Near-term robustness work:

keep grep diagnostics separate from matches;
return missing-file near matches as structured suggestions, not narrative evidence;
make code_search shrink, chunk, or prefilter payloads when a request is too large;
record diagnostics in benchmark metadata so leakage is measurable.

Implementation Phases

Phase 1: Observation Plumbing

Add structured result adapters for grep, read_file, list_files, and explore_code_raw.
Preserve existing user-visible tool output while recording typed observations internally.
Add tests that assert observations are structured and app-relative.

Phase 2: Candidate Registry And Renderer V2

Introduce ObservedCandidate, CandidateRegistry, and candidate IDs.
Move current deterministic report construction onto the registry.
Keep final reports host-rendered and observed-only.
Add invariant tests: unknown paths/ranges cannot render.

Phase 3: Candidate Packet And Selection Schema

Build a bounded, diverse CandidatePacket.
Add schema-bound value-model selection by candidate ID.
Render final reports from selected IDs only.
Keep deterministic-only fallback for model failure.

Phase 4: Adaptive Exploration Loop

Let the selection response request targeted follow-up evidence.
Stop based on coverage, duplicate yield, elapsed time, and budget.
Log stop reasons and candidate-yield curves.
Avoid restrictive caps that prevent legitimate exploration.

Phase 5: Declaration-Aware Ranges

Snap compiler candidates to declaration, JSX component, handler, or route spans.
Prefer range reads over whole files, especially for huge files.
Allow wider ranges only when they correspond to a meaningful declaration or flow boundary.
Add language/framework adapters incrementally, starting with TypeScript/React.

Phase 6: Context Policy Integration

Strengthen the main prompt/tool guidance around high/medium reports.
Make recommended actions machine-readable in the tool result.
Track whether the main model follows report read targets or redoes broad exploration.

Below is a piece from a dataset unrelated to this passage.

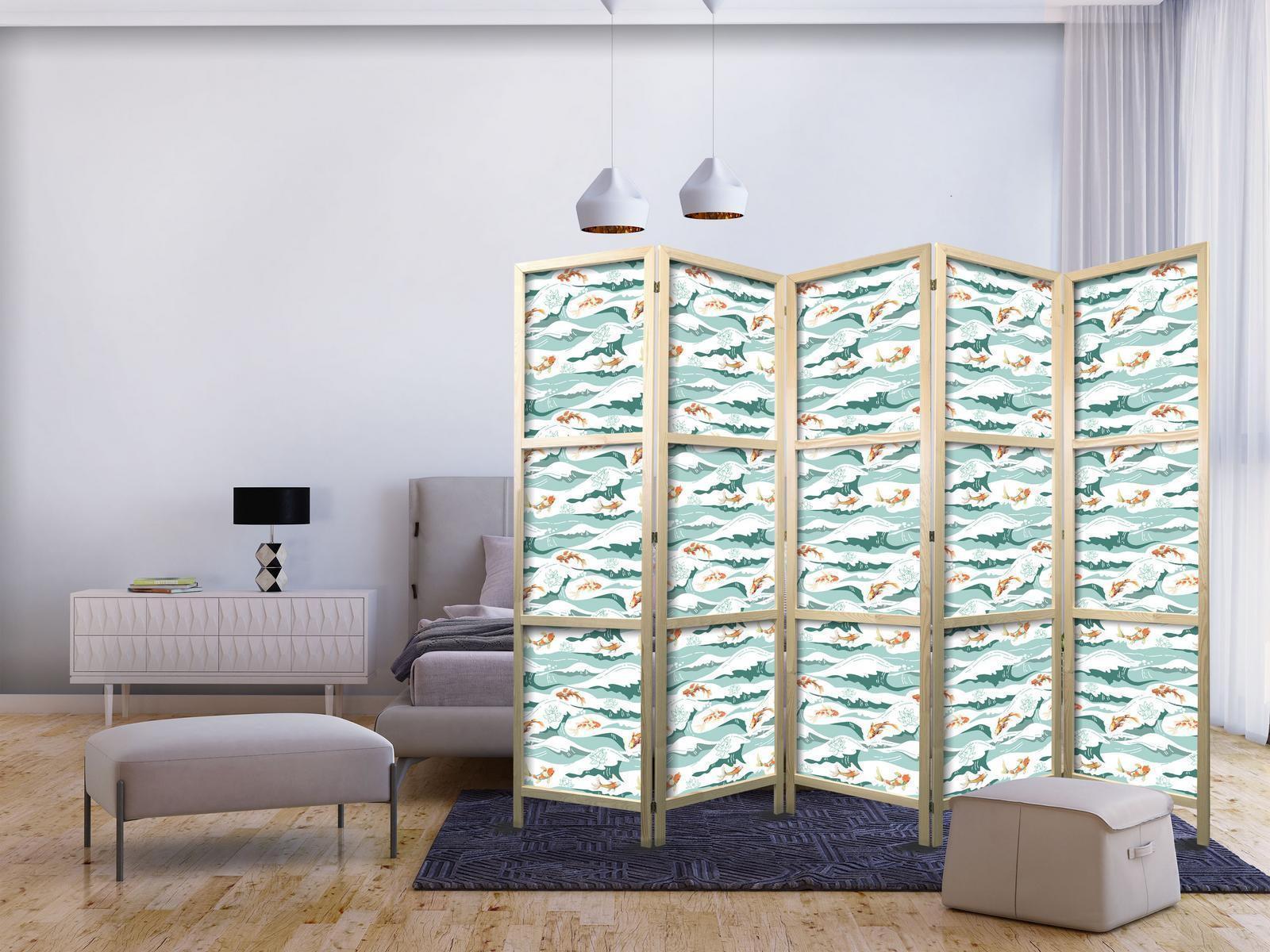Japanischer Paravent - Fish Jumping Over Waves - Oriental Fish and Water Lilies Among High Waves in Shades of Sea Green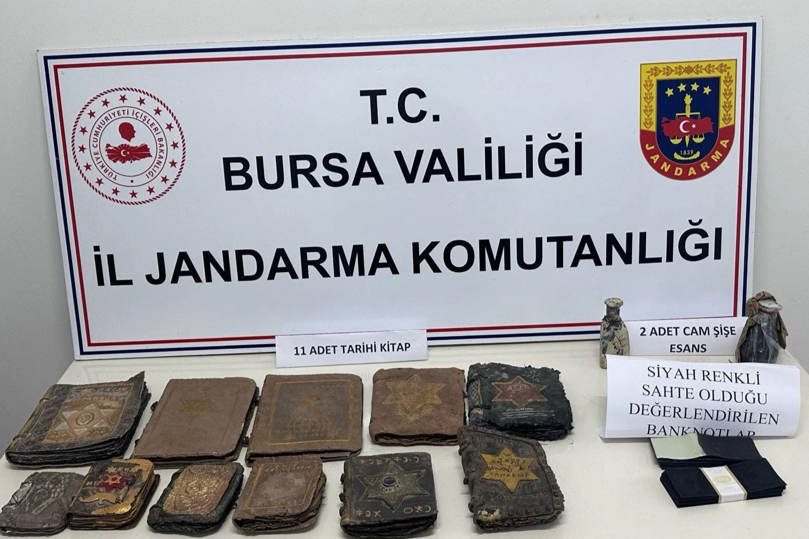 Evde yapılan aramada tarihi eser olduğu düşünülen 11 adet altın yazmalı kitap,141 adet sahte olduğu değerlendirilen görünüm değiştiren özelliğe sahip siyah dolar banknot, 2 adet cam şişe esans, 1 adet cep telefonu,1 adet tablet ele geçirildi.

Phase 7: Benchmark And Held-Out Evaluation

Run the full benchmark suite with repeats.
Add held-out repos/tasks before optimizing thresholds.
Compare at least these arms:
- no explorer baseline;
- deterministic-only renderer;
- current explorer with deterministic report;
- candidate-ID selection plus deterministic renderer.
Hillclimb only generic thresholds and packet budgets.

Measurement

Primary metrics:

main uncached input tokens;
main cached input tokens;
final answer quality/rubric pass;
number and size of main read_file calls;
number of useless or huge files read by the main model.

Secondary metrics:

combined cost;
sub-agent cost;
elapsed time;
sub-agent tool calls;
duplicate candidate yield;
invalid selection repair rate;
diagnostic leakage into final answers;
stale-file/cache invalidation misses.

Generalization guardrails:

run repeats, because single-run variance is large;
include held-out repositories;
review production diffs for repo/task literals;
tests should assert invariants and generic behavior, not benchmark-specific winners.

Risks

Deterministic prefilter drops the real target. Keep a larger internal recall pool and allow targeted needMoreEvidence loops.
Candidate packet gets too large. Enforce diversity, role coverage, and token budgets before the value-model call.
Selection IDs are too lossy for model judgment. Include compact evidence summaries, matched terms, symbols, traits, and provenance in the packet.
The model selects too many files. Validate final budgets and require reasons tied to roles.
The main model ignores the report. Make recommended actions structured and measure follow-up behavior in traces.
Latency regresses. Reuse the TypeScript worker/index and cache candidate registries by file mtime/size when safe.

Acceptance Criteria

Production explorer logic contains no benchmark repo/task/path hacks.
The value model cannot author raw file paths or line ranges in the final report.
Final reports contain only observed, canonical references.
Reports stay compact while still explaining the flow and useful next action.
The main model reads selected ranges or targeted gaps, not broad useless files.
Candidate-ID selection matches or beats deterministic-only quality on held-out tasks without bloating main context.
Full benchmark improvements survive repeats and code review for generality.